The previous presidents of Indonesia have failed to eradicate corruption, although a lot of regulations have been reviewed and new laws enacted. However, corruption in this country has not been reduced, but has spread further — to every level of the government and beyond.


Policy and institutional reform

The Anticorruption Law (Law No. 31/1999) defines corruption as the abuse of power to enrich oneself, creating state financial losses. By this definition, the corruption eradication strategy should then be started by reforming the (state) power.

One of the first things that needs to be tackled is to establish regulations that limit individual power and reduce the opportunity to abuse that power. Then the strategy can continue by improving the Anticorruption Law, implementing the Anticorruption Commission, reforming the judiciary and requiring good governance programs in every government office. This strategy is known as policy and institutional reform.

It has been successfully implemented in other countries. One such success story was carried out by Roland Abaroa, the mayor of the Bolivian capital of La Paz. Similar successes have also been achieved by the Hong Kong Anticorruption Commission. That commission has since become the standard for all anticorruption commissions elsewhere.

In the Indonesian context, there actually has already been a successful corruption eradication implemented. It was done not by the central government, but by Solok Regent Gamawan Fauzi in the province of West Sumatra. Gamawan has reformed the local government bureaucracy into a more transparent, efficient and accountable entity. All government services in the regency have been made clear and measurable, particularly in terms of time and cost.

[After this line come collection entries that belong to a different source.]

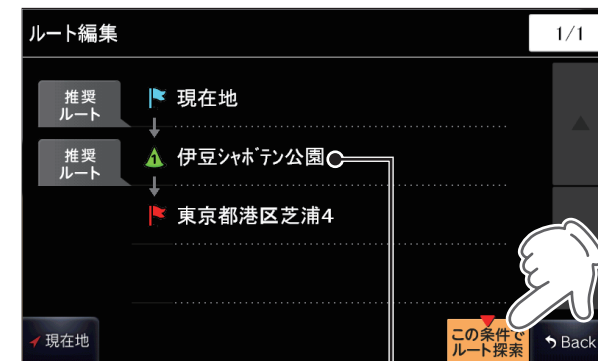
追加された経路地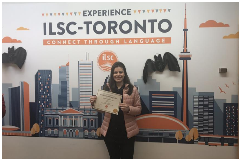
Ilustração 19 – Recebendo a certificação no último dia de atividades na ILSC

Ao término das quatro semanas de curso, com aulas em duas turmas nos turnos manhã e tarde, a escola fez a certificação dos alunos, apresentando um relatório com as principais habilidades desenvolvidas e um parecer do professor sobre o desenvolvimento do aluno emitido pelo professor responsável.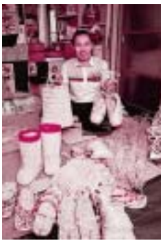
体験教室でわら細工を教える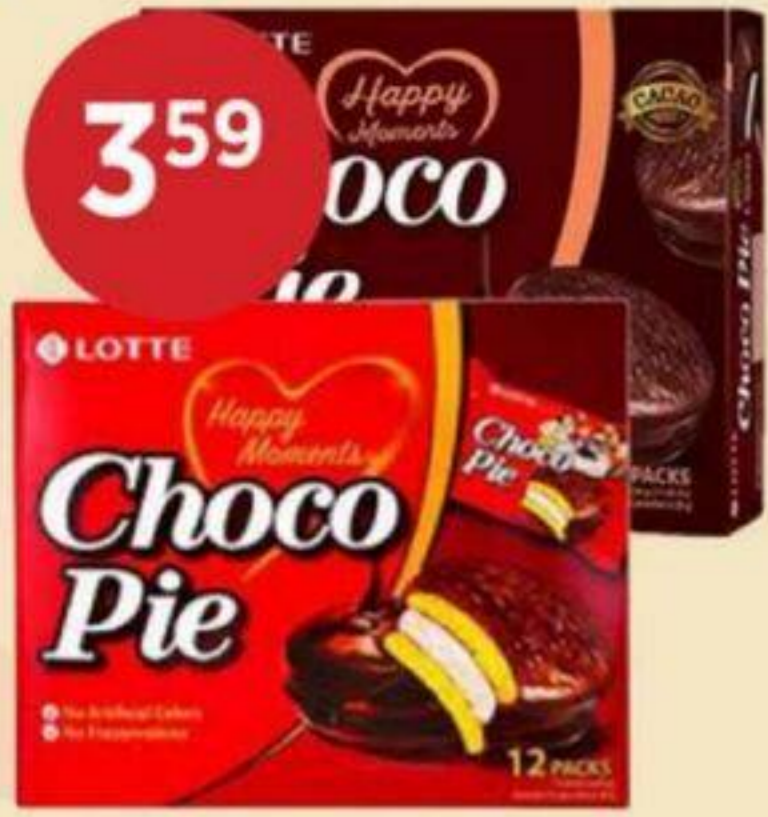
3 59 GÂTEAU AU CHOCOLAT (VARIÉTÉS MULTIPLES) LOTTE 336 G CHOCOLATE CAKE (MULTIPLE VARIETIES) 巧克力蛋糕 (多種口味) RÉG. 4,99

The efficiency measures carried out by Gamawan have greatly increased the local officials’ welfare and thus reduced corruption in the regency.

But in general, such policy and institutional reforms in Indonesia have never worked successfully. Dozens and dozens of serious corruption scandals have never been investigated, let alone been adjudicated upon in a court of law. The Corruption Perception Index done each year by Transparency International consistently shows Indonesia to be one of the most corrupt countries in the world. So, what is wrong with a policy and institutional reform strategy?

First, the initiative to combat corruption has not come from the government. Most of the agendas were driven by international financial institutions, especially from the International Monetary Fund (IMF), through the signing of Letters of Intent as a condition of IMF’s support for Indonesia. In this case, the ownership of the strategy is on the IMF, not the government of Indonesia.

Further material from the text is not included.